The five-year recruitment figures were given by minister of state for personnel Jitendra Singh in response to a question from CPM member John Brittas in the Rajya Sabha. Brittas underlined that members of the SC, ST and OBC communities made up three-fourths of the population. Going by the reservation formula, they should have got 49.5 per cent of the posts in the all-India services but only 27.37 per cent of the posts had gone to them in the past five years.

Brittas said the government wanted neither to release the data of the caste census nor to conduct a fresh caste census since it was aware of the poor representation of these communities. The government does not want such data to come out in the open, the MP added. “The UPA government had conducted a socio-economic caste census in 2011-12. The present government has released the economic data but it has not released the caste data. It knows that the SCs, STs and OBCs have very low representation against their population share. These data on the all-India services also show the same,” Brittas said.

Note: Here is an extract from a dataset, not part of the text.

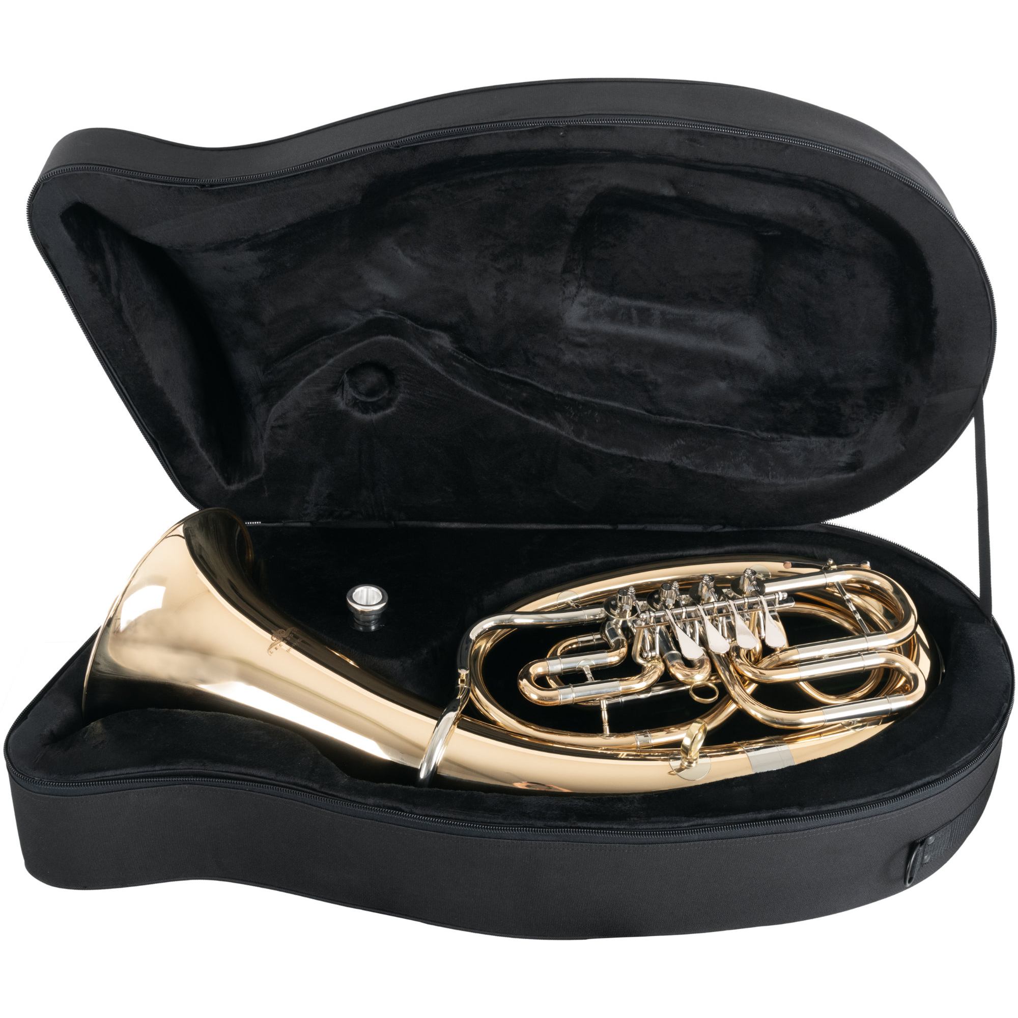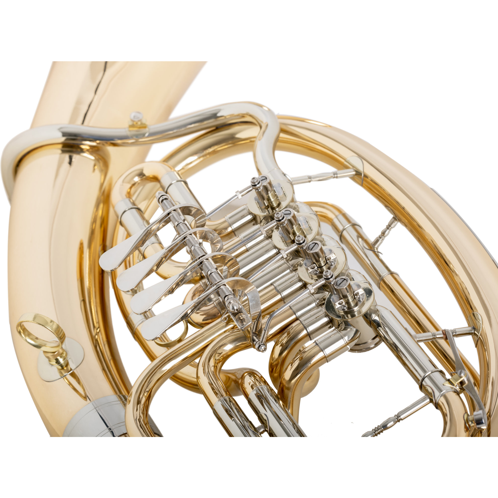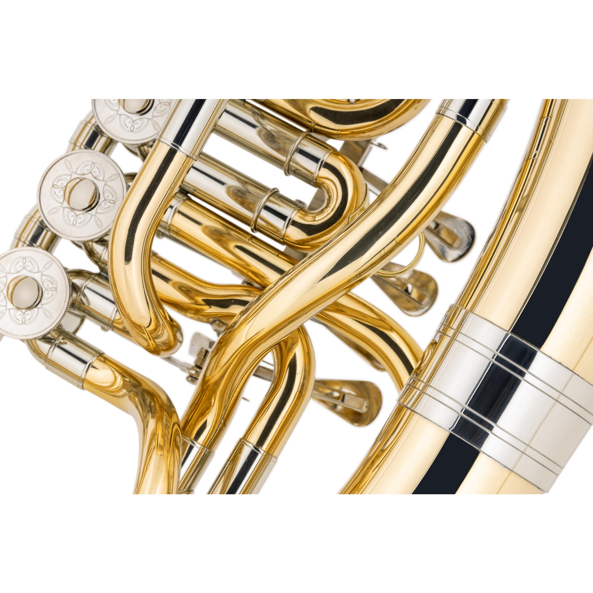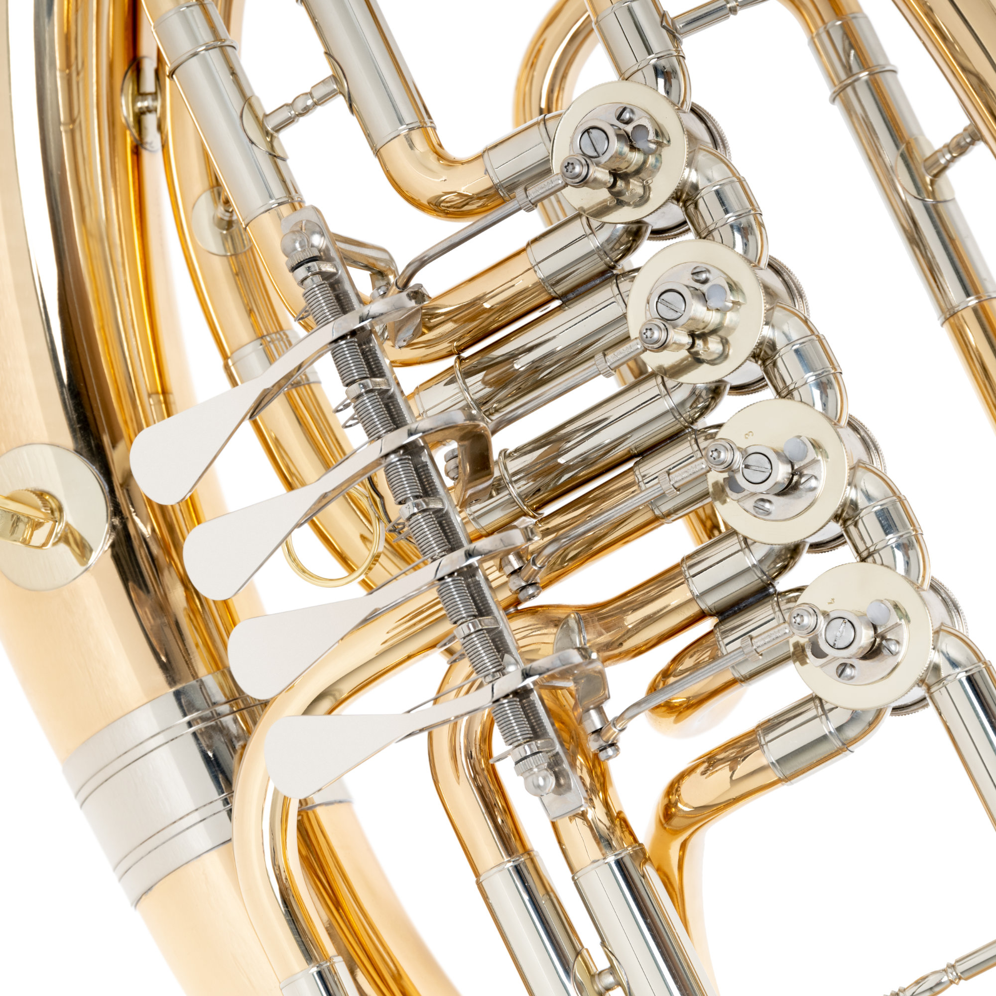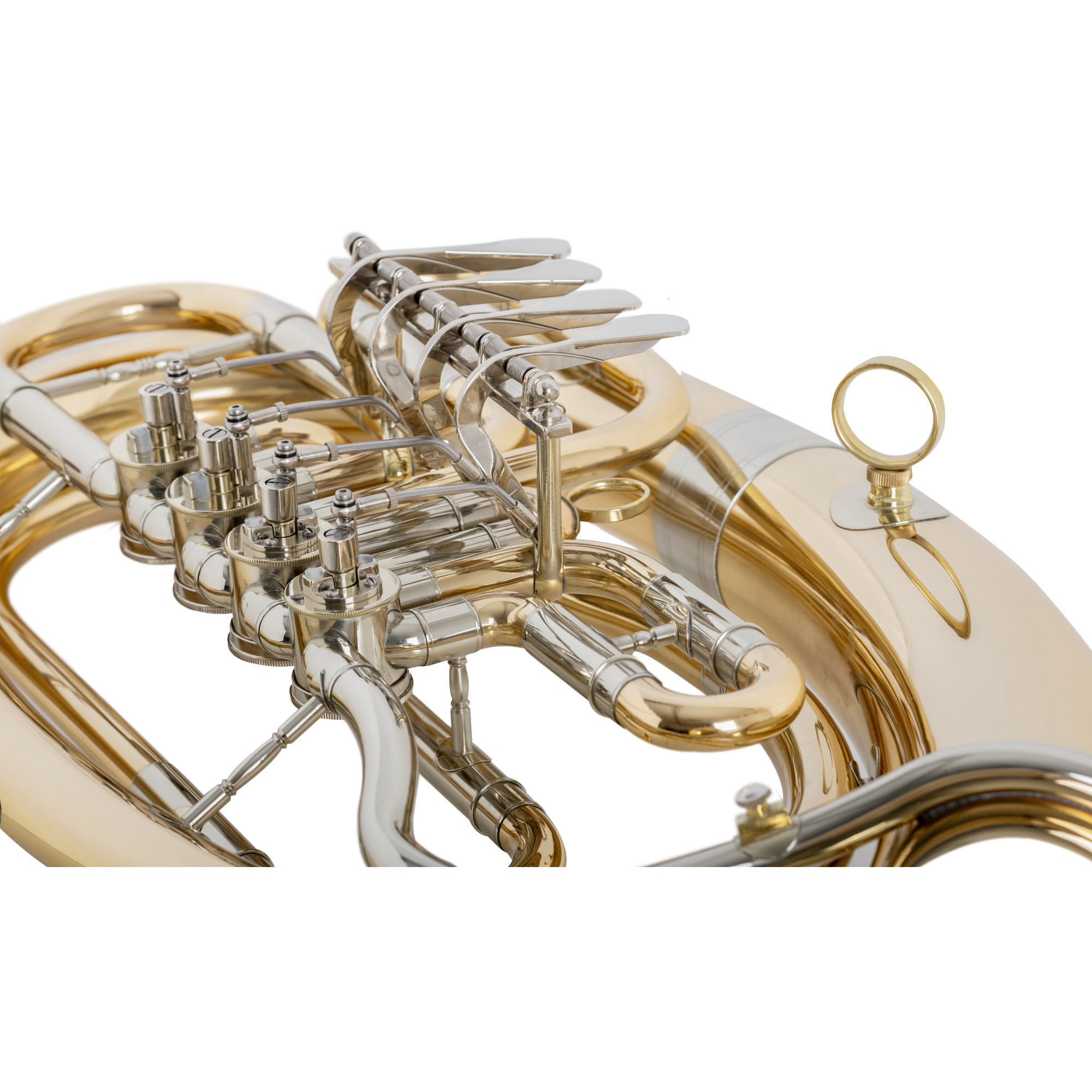 Der Korpus und das Schallstück des Baritons sind aus Goldmessing gefertigt, das Mundrohr aus Neusilber. Die Maschine ist mit Minibal-Gelenken ausgestattet und garantiert dadurch einen perfekten und zuverlässigen Lauf der Ventile. Der Durchmesser des Schallbechers beträgt 26 cm, die Bohrung misst 14,8 mm. Geliefert wird das Bariton natürlich im robusten Hartschalenkoffer und inklusive versilbertem Mundstück.
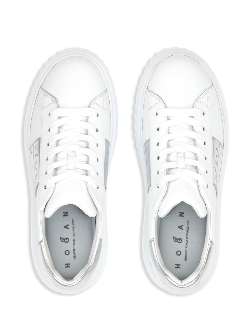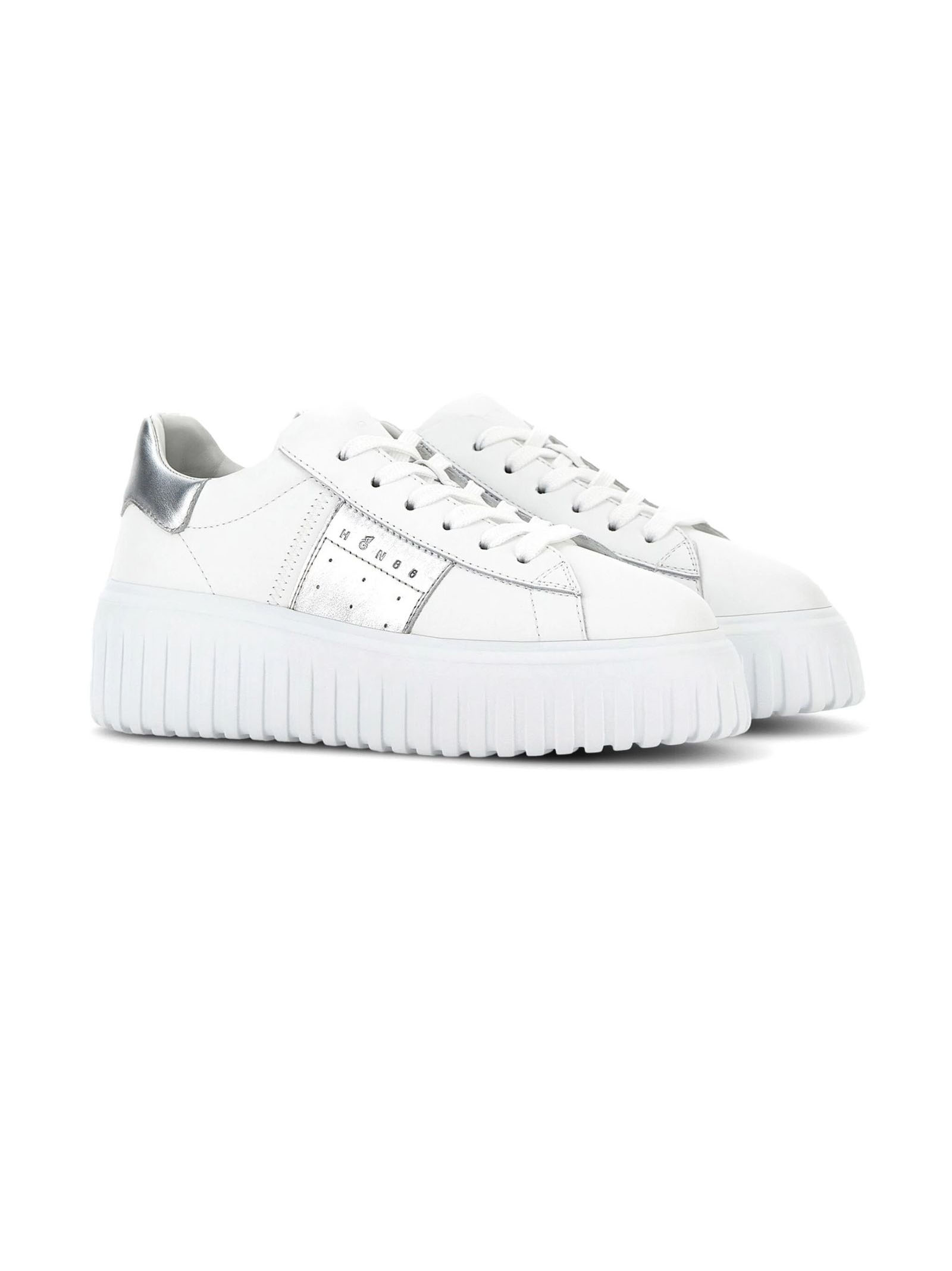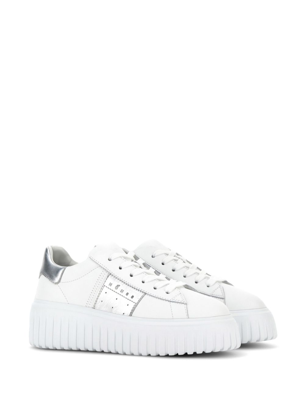 white leather H-stripes sneakerspelle di vitellodesign a pannellifinitura metallicastampa del logo sul latodettagli traforaticontrotacco a contrastopunta rotondachiusura frontale con laccisottopiede in pelle logatosuola di gomma

Ashok Bharti, chairman of the National Confederation of Dalit Organisations (Nacdor), a rights group, said that people from the forward castes arbitrarily rejected candidates from other castes because of their caste bias. “There are enough candidates among the SCs, STs and the OBCs who clear all the initial exams but fail the interview. The people on the interview panel, particularly from the forward castes, do not want to see people from the backward classes in decision-making positions,” Bharti said. He said the National Commission for SCs (NCSC), National Commission for STs (NCST) and the National Commission for Backward Classes (NCBC) should monitor the violations in the implementation of reservation and take them up with the government for remedial measures.

“Unfortunately, the national commissions are not taking up the issues of these communities. The chairpersons and members of these commissions are political leaders appointed by the party in power. Such people are more loyal to their party than to these communities,” Bharti said.